Railway station near Johannesburg, South Africa

Midrand is a metro station on the Gautrain rapid transit system in Midrand, Gauteng. It opened on 2 August 2011 as part of the second phase of the Gautrain project.

==Location==
Midrand station is located in the area of the same name within Region A of the City of Johannesburg. One of the city's metropolitan nodes, of secondary importance within the metropolitan area, the Midrand district is expected to become the hub of activity in far north Johannesburg, near the border with the City of Tshwane, which contains the administrative capital city of Pretoria. Near the station are the well-known Gallagher Convention Centre and Kyalami race track. Further, the station lies adjacent to Grand Central Airport, one of Gauteng's secondary airports; the opening of Gautrain's second phase links the airport to the busier OR Tambo International Airport, albeit with a transfer at Sandton.

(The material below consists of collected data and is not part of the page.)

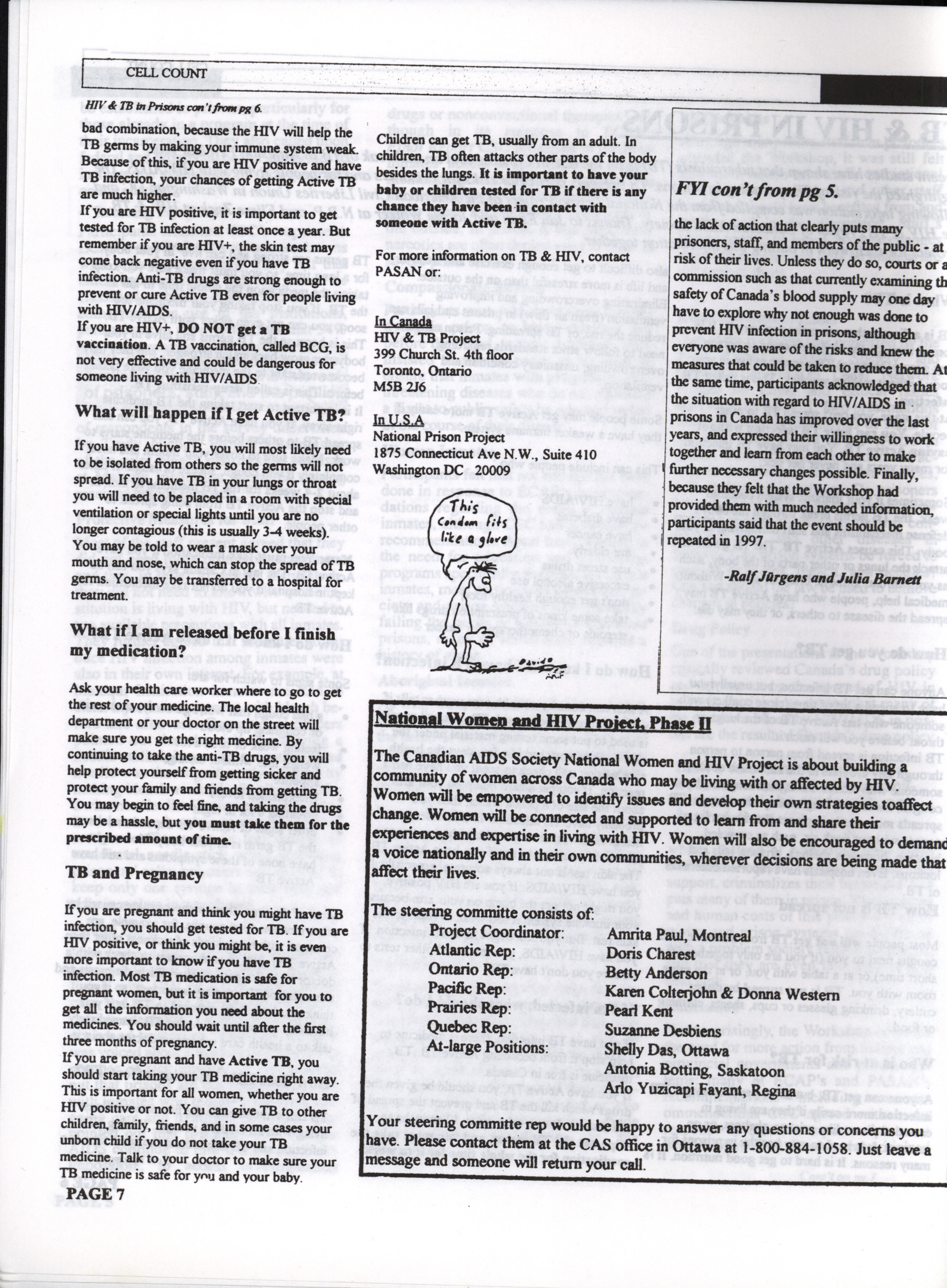 A newsletter by and for prisoners and ex-prisoners and others concerned with the crisis of HIV/AIDS in prisons. Published by PASAN (Prisoners with HIV/AIDS Support Action Network), Toronto, ON. In this issue: ABC's of hepatitis -- George's corner -- FYI {highlights of the First National HIV/AIDS and Prisoners Workshop, Kingston, Ont, August 1995] -- TB & HIV in prisons --National women and HIV project, phase II -- Survival tip- shooting up -- Resources.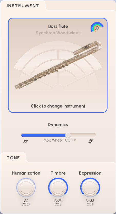 The instruments of Synchron Special Woodwinds provide two different kinds of Presets, accessible by clicking on the icons “Flow” resp. “Precision” in the Synchron Player’s top bar. Flow Presets offer an intuitive, graphic approach to the library’s contents, with instrument, articulation, and sound parameters displayed in a single window.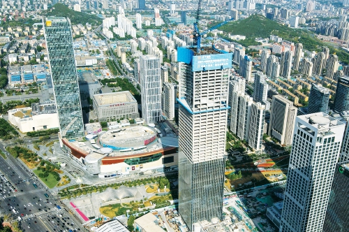 4月25日,在中央商务区核心区域,济南CBD中央广场18号地块项目的超高层建筑主塔楼施工正在向300米高度冲刺。据了解,该项目总建筑面积约21.8万平方米,主楼为318米,是目前济南在建的第五座300米以上超高层建筑,计划2026年竣工。(本报记者 崔健 摄)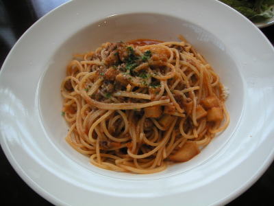 お昼時を過ぎているのに店内は満員。ジャーマン・トマト・スパゲティ850円、ソーセージが入ったトマトソースのパスタ、さわやかな酸味とシャウエッセンみたいなソーセージがうまい、量の多さに改めてびっくり。相方はハヤシオムライス(少なめ)、こちらもうまい。おじさんが1人で忙しそうに調理していた。(2005/01)

===Transit-oriented development===
In common with other Gautrain stations, Midrand station acts as the focal point of transit-oriented development. The most prominent of the initiatives near the station is the Zonk'izizwe development, which will be situated on the eastern side of the railway alignment and will have a town centre, commercial, and residential precincts surrounding Grand Central Airport. Further south is the Waterfall Estate development, which will encompass a far larger undeveloped site along the N1 between Allandale Road and the N3. Waterfall will include standard residential and commercial districts but will also contain a retirement centre, cemetery, Islamic centre, and industrial zones an SD the new shopping centre Mall of Africa

==Station layout==
Midrand station has two tracks with two side platforms and parking for 800 cars.

==Services==
After its opening in 2011, trains on the North-South Line of the Gautrain system serve Midrand station, running northbound to Pretoria and Hatfield and southbound to Sandton and Johannesburg Park Station. In addition, Midrand has four integrated feeder bus routes to Vorna Valley (MID1), Randjespark (MID2), Noordwyk (MID3), and Kyalami Estates (MID4).